In the control method of an electric compressor according to the present invention, the electric current value which can flow in the accessory is calculated depending on acquired accessory temperature T, and the rotational speed of the electric compressor is controlled restrictively so that the actual input electric current is equal to or less than the value of the calculated electric current. Therefore, when the accessory temperature of the electric compressor is equal to or more than maximum rated temperature T1 as in summer season, the rotational speed of electric compressor 1 is restrictively controlled, so as to suppress further increase of accessory temperature T. Further, after the operation of electric compressor 1 is started, the accessory is quickly chilled by sucked refrigerant so as to become equal or less than maximum rated temperature T1, so that the restrictive control can be released. Therefore, defects of the accessory from overheat can be surely prevented. Additionally, in such a control method an electric current in a usual operation can be set as a standard electric current value for designing and selecting the accessory, so as to contribute to the reduction in size and weight of the accessory and the whole electric compressor.

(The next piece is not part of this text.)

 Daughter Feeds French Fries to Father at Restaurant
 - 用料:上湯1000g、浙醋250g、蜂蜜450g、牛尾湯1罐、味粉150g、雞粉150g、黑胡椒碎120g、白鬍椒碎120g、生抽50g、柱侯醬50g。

Though in the above-described embodiments the temperature of the smoothing capacitor as an accessory is acquired and controlled restrictively, the temperature such as of a capacitor and of a coil for EMC-filter can be acquired and controlled restrictively as well.

INDUSTRIAL APPLICATIONS OF THE INVENTION

The control method of an electric compressor according to the present invention is applicable to an electric compressor having an integrally incorporated inverter, and is specifically suitable for a control method of an electric compressor in an air conditioning system for vehicles, which tends to be left under high temperature.

Claims

1. A method for controlling an electric compressor into which an inverter for controlling an electric motor as a drive source is integrally incorporated, comprising the steps of: acquiring a temperature of an accessory of said inverter;when said acquired temperature becomes or is already equal to or higher than a maximum rated temperature of said accessory, calculating a value of an electric current which can flow at said acquired temperature and restrictively controlling a rotational speed of said electric compressor such that an input electric current becomes equal to or less than a value of said electric current which can flow; andwhen said temperature of said accessory becomes lower than said maximum rated temperature, releasing said restrictive control.

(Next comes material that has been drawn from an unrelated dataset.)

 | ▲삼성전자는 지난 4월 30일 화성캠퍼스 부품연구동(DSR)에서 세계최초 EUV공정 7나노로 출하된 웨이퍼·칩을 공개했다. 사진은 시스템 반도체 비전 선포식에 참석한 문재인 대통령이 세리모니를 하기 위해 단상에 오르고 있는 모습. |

2. The method for controlling an electric compressor according to claim 1, wherein said temperature of said accessory is acquired by a temperature sensor provided near said accessory.

3. The method for controlling an electric compressor according to claim 1, wherein said temperature of said accessory is acquired by estimating from a value of an electric current flowing in said accessory and a sensor value of a temperature sensor provided in a space to mount said inverter inside said electric compressor.

4. The method for controlling an electric compressor according to claim 1, wherein said accessory is a smoothing capacitor or, a coil or a capacitor for EMC-filter.

5. The method for controlling an electric compressor according to claim 1, wherein said electric compressor is a compressor of an air conditioning system for vehicles.